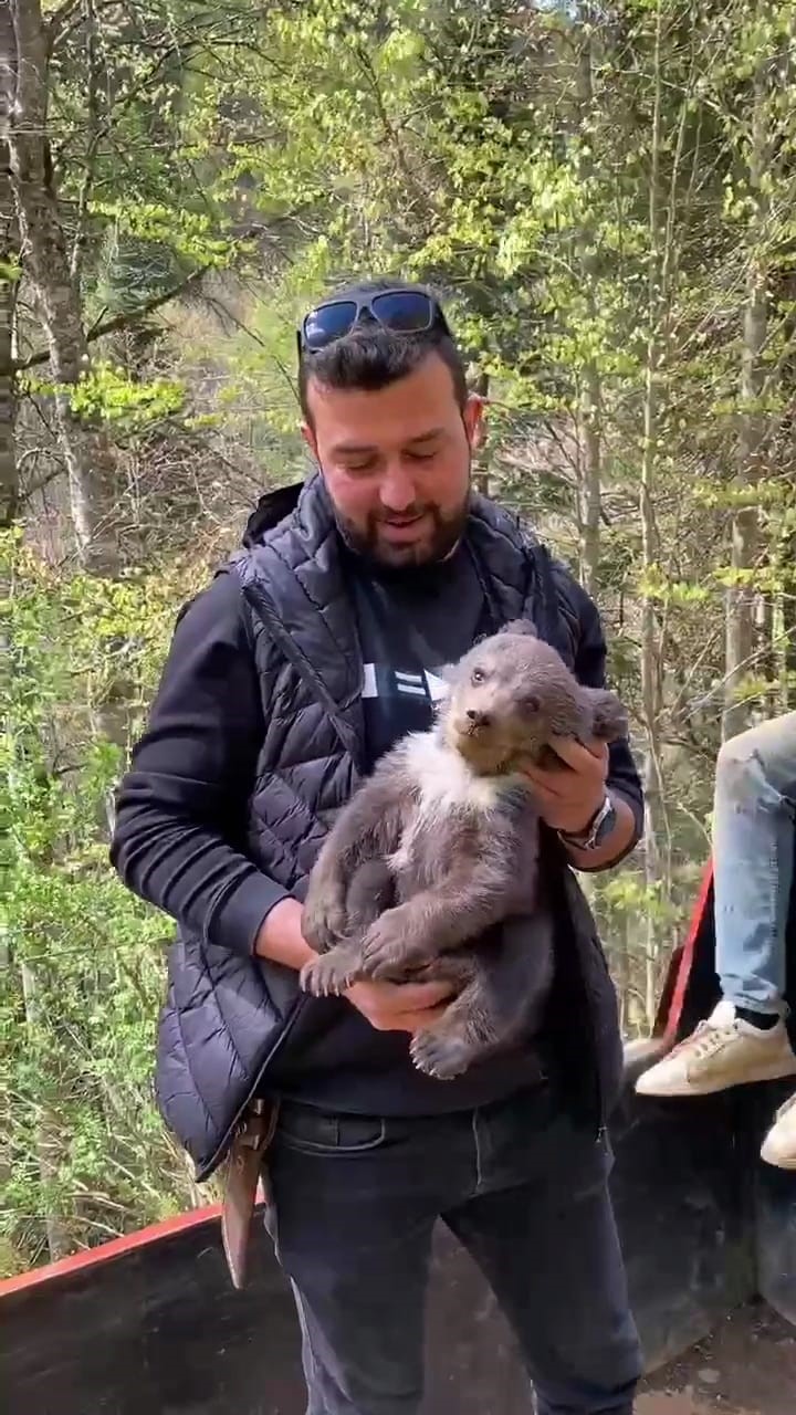 Mahalle sakinleri sevimli ayıyı ormana salmadan önce videosunu çekip sosyal medyada paylaştı.
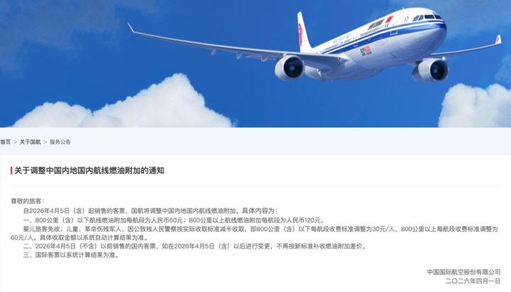 自2026年4月5日(含)起销售的客票,国内航线旅客运输燃油附加费收取标准调整为:800公里(含)以下航段,每位旅客收取人民币60元;800公里以上航段,每位旅客收取人民币120元。
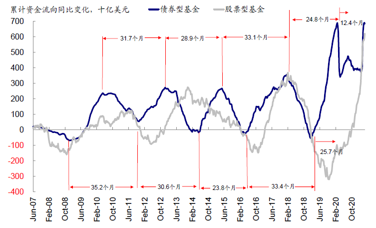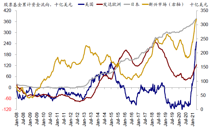 3.股债资金流向。从微观的股债市场资金流向角度,EPFR的数据显示,2020年10月之后,全球资金持续且大幅流入美股市场,幅度和规模均明显强于其他市场;与此同时,美债市场也继续流入,但速度明显趋缓,特别是美债利率大幅上行后。
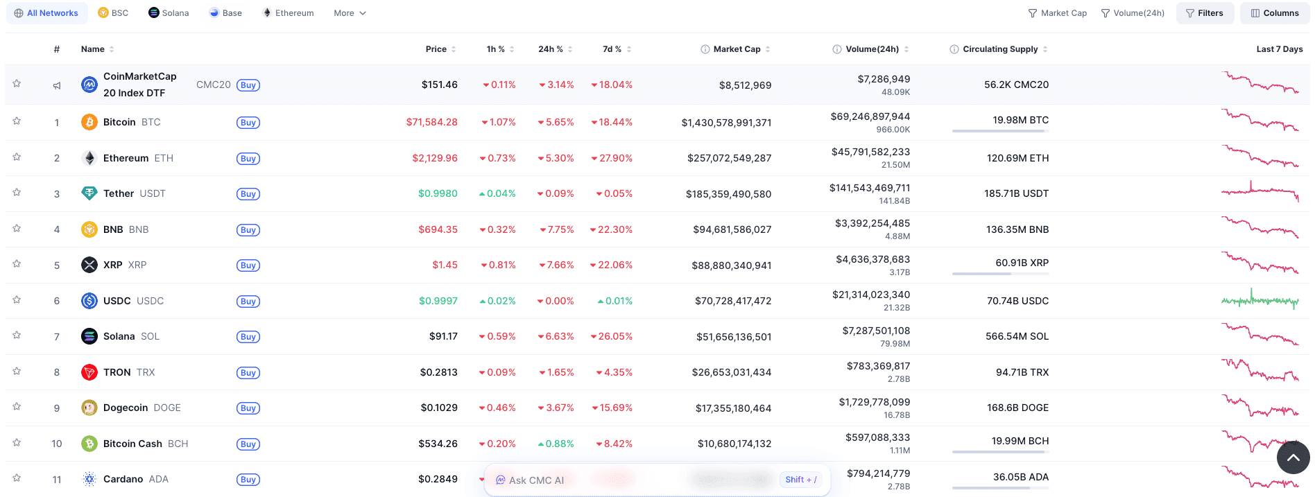 - Bitcoin (BTC): 71 584,28 $, soit -5,65 % sur 24h et -18,44 % sur 7 jours.
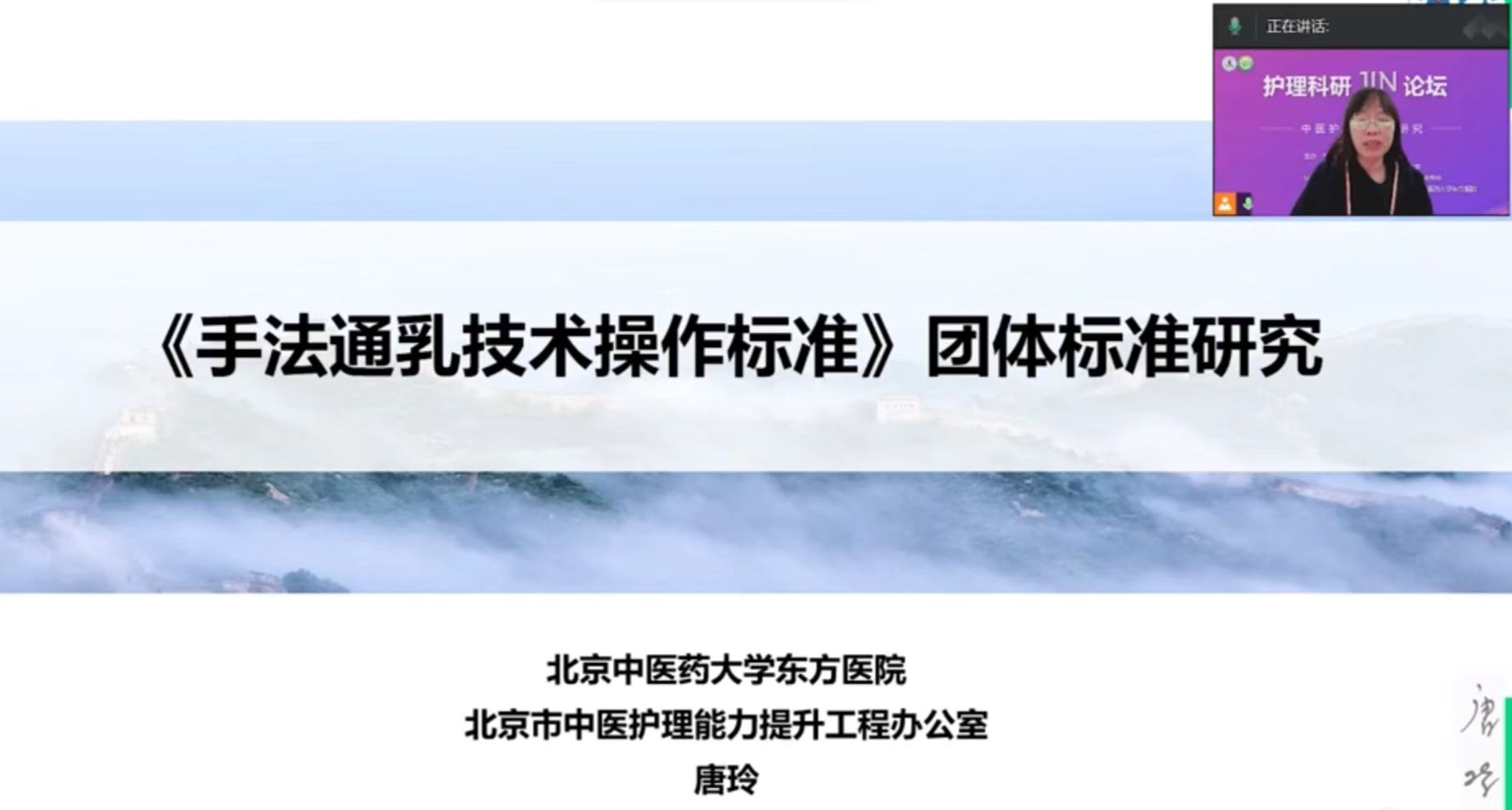 北京中医药大学东方医院护理部主任、JIN主编唐玲教授以“《手法通乳技术操作标准》团体标准研究”为题进行专题讲座。首先介绍了JIN期刊的发展现状,随后深入剖析了手法通乳技术操作标准制定的背景与重要性,以及编制的关键环节,展示了团体标准规范的编制方法,为与会者提供了宝贵的学术指导,对中医护理技术操作标准的制定有了更深刻的认识。
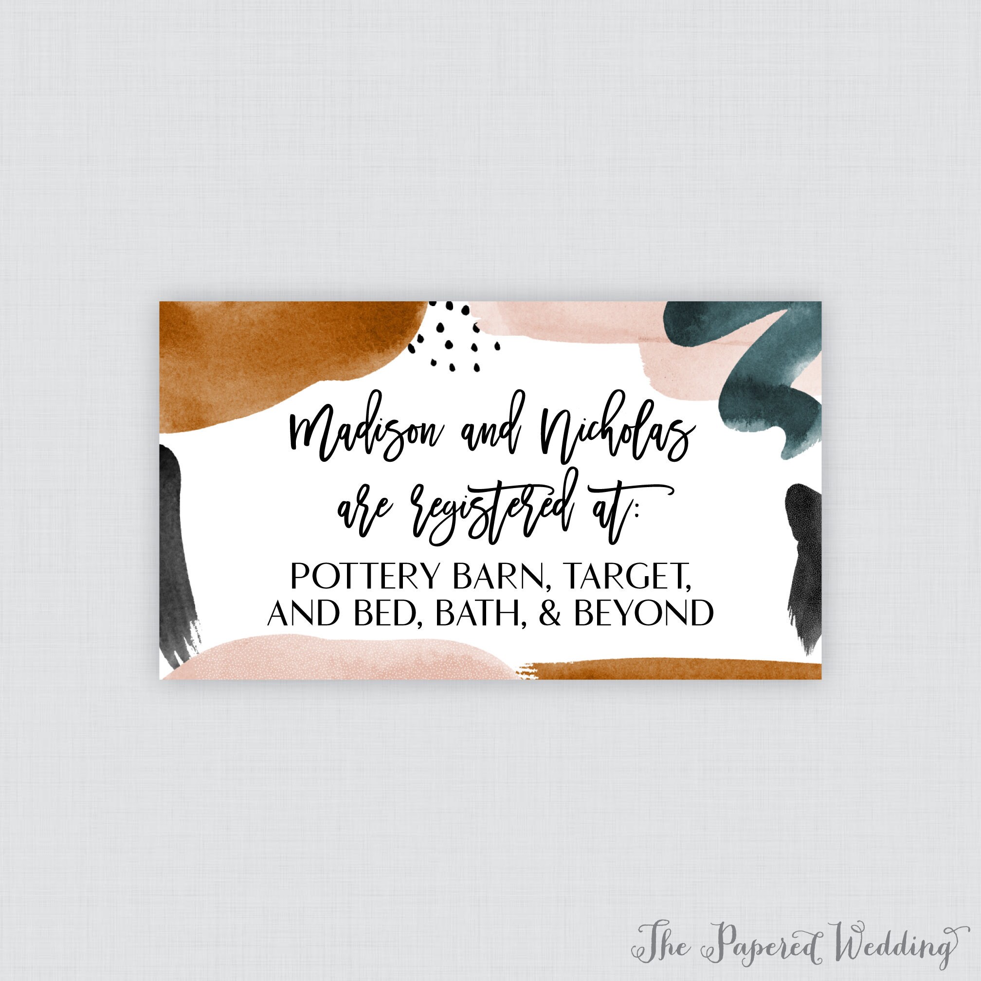 Printable Or Printed Abstract Wedding Registry Cards Modern Etsy
------------------------------------------------------------------------
What the task requires
Without including any pictures, please restate all the records exactly.

Worked solution
 Mahalle sakinleri sevimli ayıyı ormana salmadan önce videosunu çekip sosyal medyada paylaştı.
 自2026年4月5日(含)起销售的客票,国内航线旅客运输燃油附加费收取标准调整为:800公里(含)以下航段,每位旅客收取人民币60元;800公里以上航段,每位旅客收取人民币120元。
 3.股债资金流向。从微观的股债市场资金流向角度,EPFR的数据显示,2020年10月之后,全球资金持续且大幅流入美股市场,幅度和规模均明显强于其他市场;与此同时,美债市场也继续流入,但速度明显趋缓,特别是美债利率大幅上行后。
 - Bitcoin (BTC): 71 584,28 $, soit -5,65 % sur 24h et -18,44 % sur 7 jours.
 北京中医药大学东方医院护理部主任、JIN主编唐玲教授以“《手法通乳技术操作标准》团体标准研究”为题进行专题讲座。首先介绍了JIN期刊的发展现状,随后深入剖析了手法通乳技术操作标准制定的背景与重要性,以及编制的关键环节,展示了团体标准规范的编制方法,为与会者提供了宝贵的学术指导,对中医护理技术操作标准的制定有了更深刻的认识。
 Printable Or Printed Abstract Wedding Registry Cards Modern Etsy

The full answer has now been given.